Records from a dataset:
──────
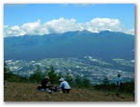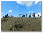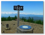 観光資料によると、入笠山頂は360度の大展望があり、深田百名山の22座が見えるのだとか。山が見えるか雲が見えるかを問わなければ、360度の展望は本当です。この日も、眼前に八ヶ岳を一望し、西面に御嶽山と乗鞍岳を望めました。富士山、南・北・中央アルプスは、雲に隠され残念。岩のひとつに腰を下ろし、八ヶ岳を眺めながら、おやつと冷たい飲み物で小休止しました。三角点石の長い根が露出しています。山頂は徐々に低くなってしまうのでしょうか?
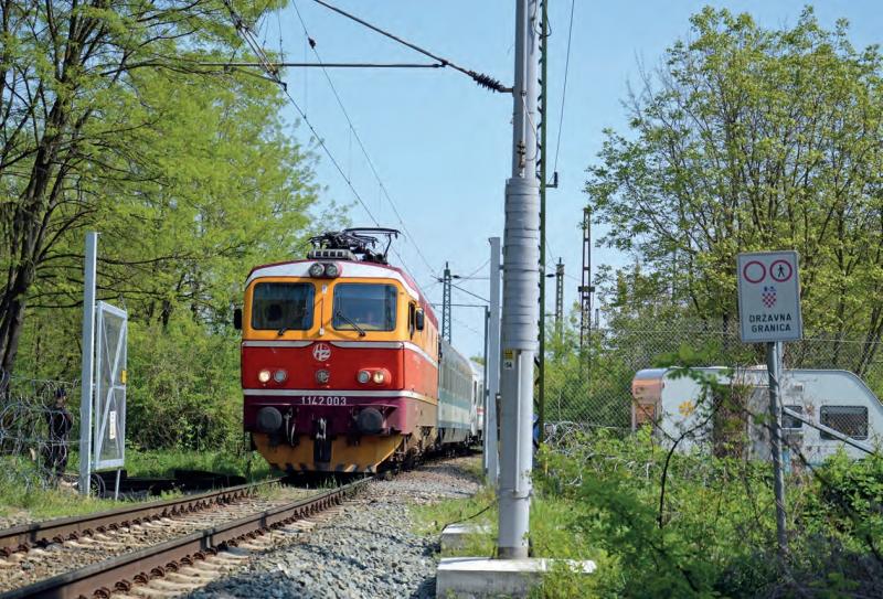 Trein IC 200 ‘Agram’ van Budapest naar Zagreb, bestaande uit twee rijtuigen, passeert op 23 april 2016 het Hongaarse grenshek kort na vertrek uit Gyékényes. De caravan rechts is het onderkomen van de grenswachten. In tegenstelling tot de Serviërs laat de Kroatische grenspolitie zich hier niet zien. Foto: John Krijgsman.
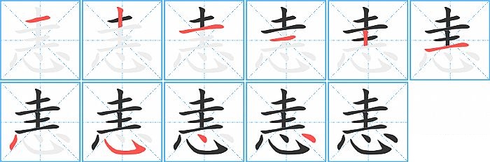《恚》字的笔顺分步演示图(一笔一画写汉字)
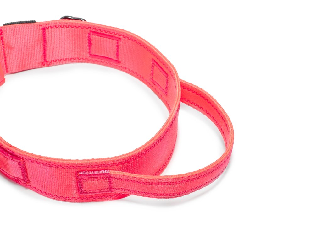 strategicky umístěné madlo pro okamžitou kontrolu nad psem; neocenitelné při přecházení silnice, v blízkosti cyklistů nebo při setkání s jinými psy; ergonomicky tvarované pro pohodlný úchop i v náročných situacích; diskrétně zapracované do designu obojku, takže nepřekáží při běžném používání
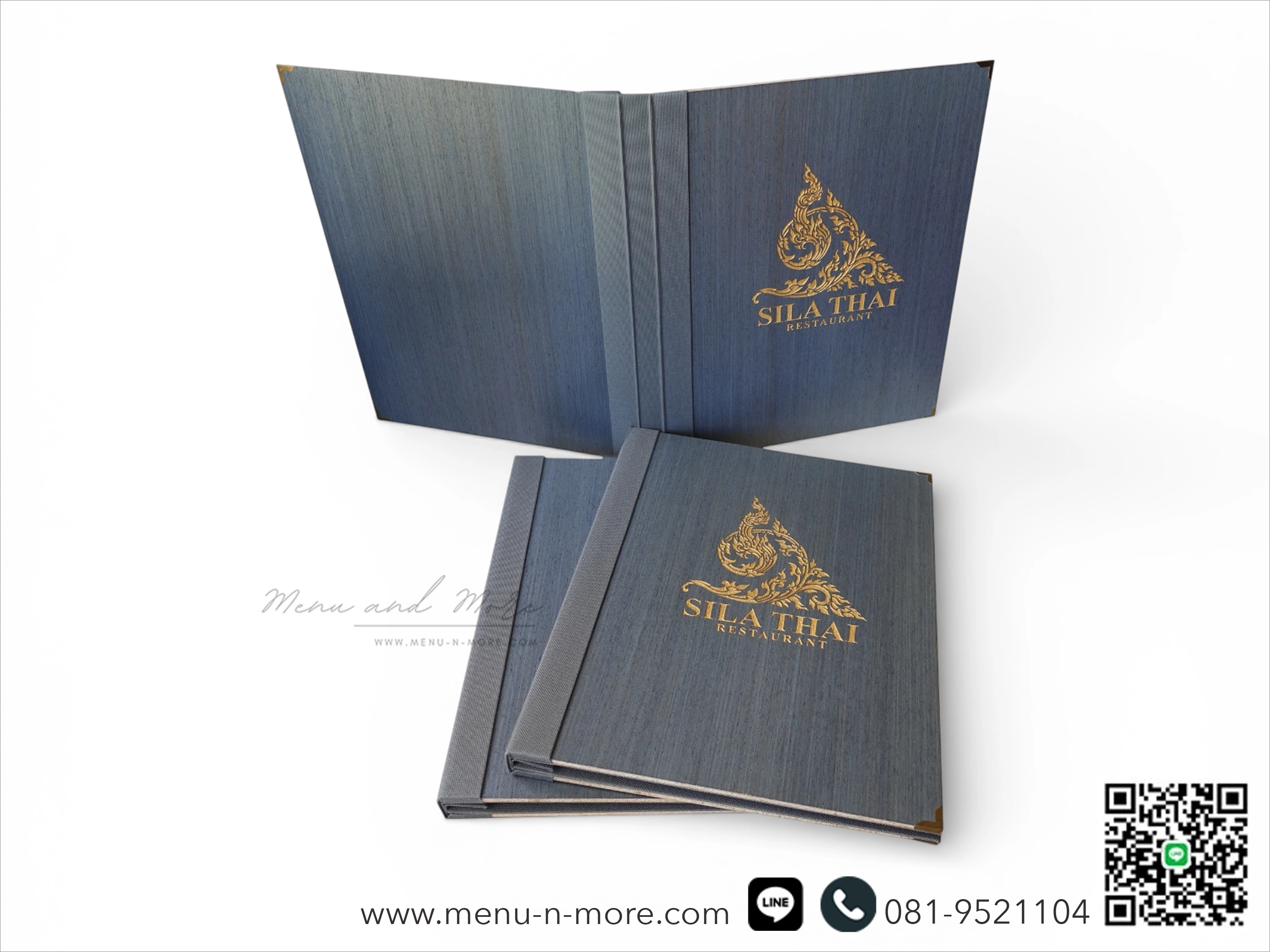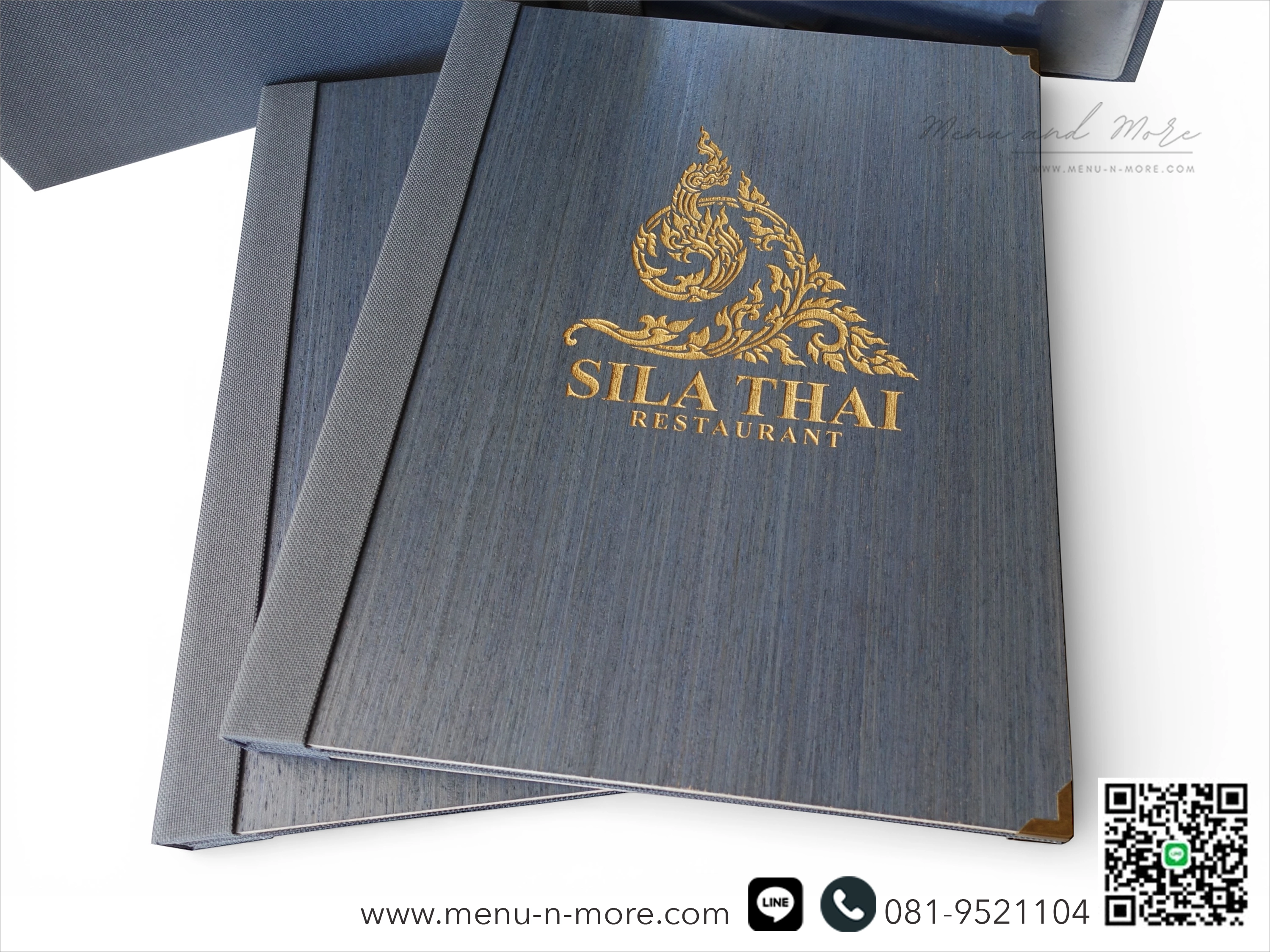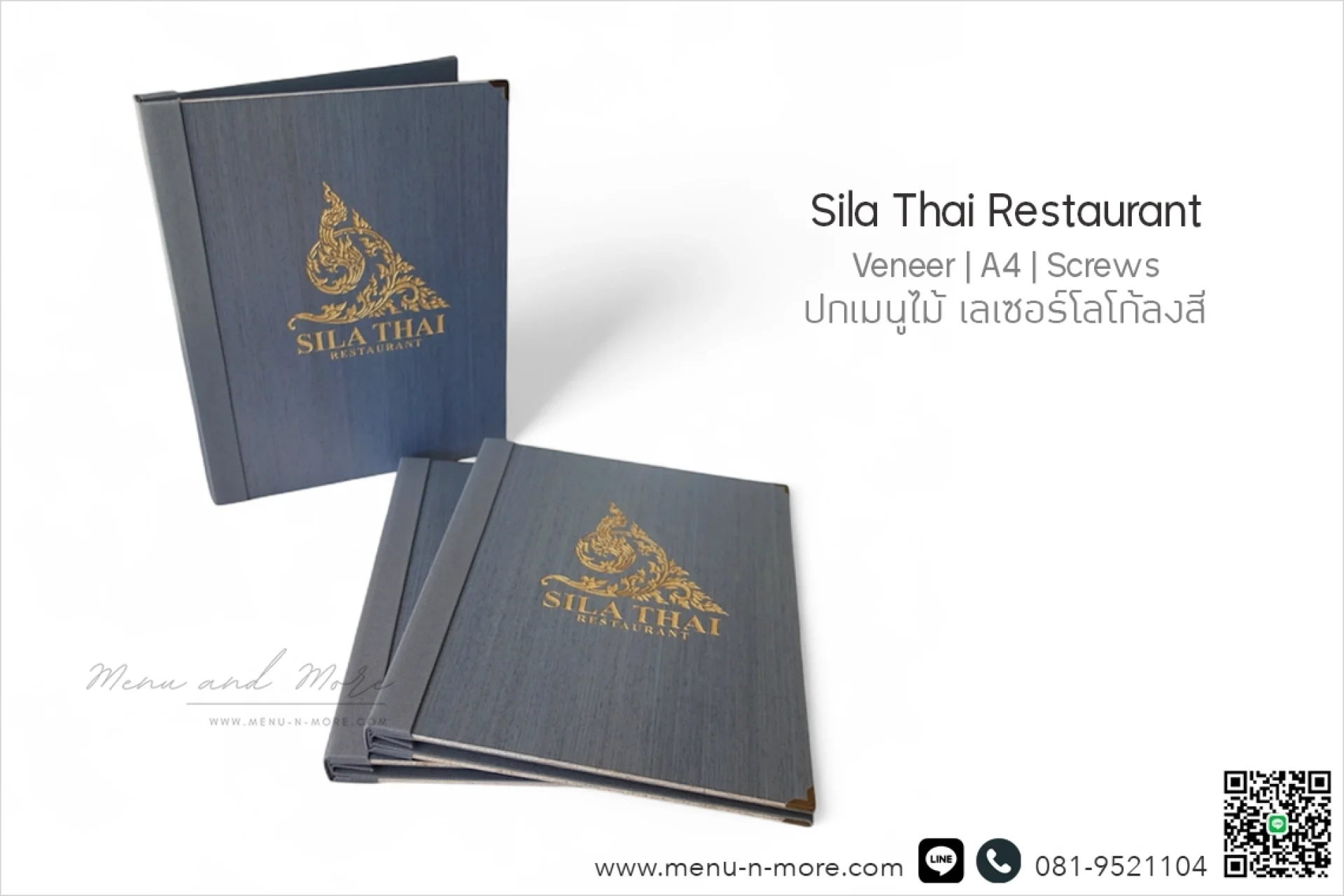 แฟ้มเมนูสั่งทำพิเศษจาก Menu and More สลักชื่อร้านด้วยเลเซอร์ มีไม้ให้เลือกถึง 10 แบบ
──────
> **Instructions for the task**:
Set down the entries above exactly, and keep every picture out of your copy.

> **Your solution**:
 観光資料によると、入笠山頂は360度の大展望があり、深田百名山の22座が見えるのだとか。山が見えるか雲が見えるかを問わなければ、360度の展望は本当です。この日も、眼前に八ヶ岳を一望し、西面に御嶽山と乗鞍岳を望めました。富士山、南・北・中央アルプスは、雲に隠され残念。岩のひとつに腰を下ろし、八ヶ岳を眺めながら、おやつと冷たい飲み物で小休止しました。三角点石の長い根が露出しています。山頂は徐々に低くなってしまうのでしょうか?
 Trein IC 200 ‘Agram’ van Budapest naar Zagreb, bestaande uit twee rijtuigen, passeert op 23 april 2016 het Hongaarse grenshek kort na vertrek uit Gyékényes. De caravan rechts is het onderkomen van de grenswachten. In tegenstelling tot de Serviërs laat de Kroatische grenspolitie zich hier niet zien. Foto: John Krijgsman.
《恚》字的笔顺分步演示图(一笔一画写汉字)
 strategicky umístěné madlo pro okamžitou kontrolu nad psem; neocenitelné při přecházení silnice, v blízkosti cyklistů nebo při setkání s jinými psy; ergonomicky tvarované pro pohodlný úchop i v náročných situacích; diskrétně zapracované do designu obojku, takže nepřekáží při běžném používání
 แฟ้มเมนูสั่งทำพิเศษจาก Menu and More สลักชื่อร้านด้วยเลเซอร์ มีไม้ให้เลือกถึง 10 แบบ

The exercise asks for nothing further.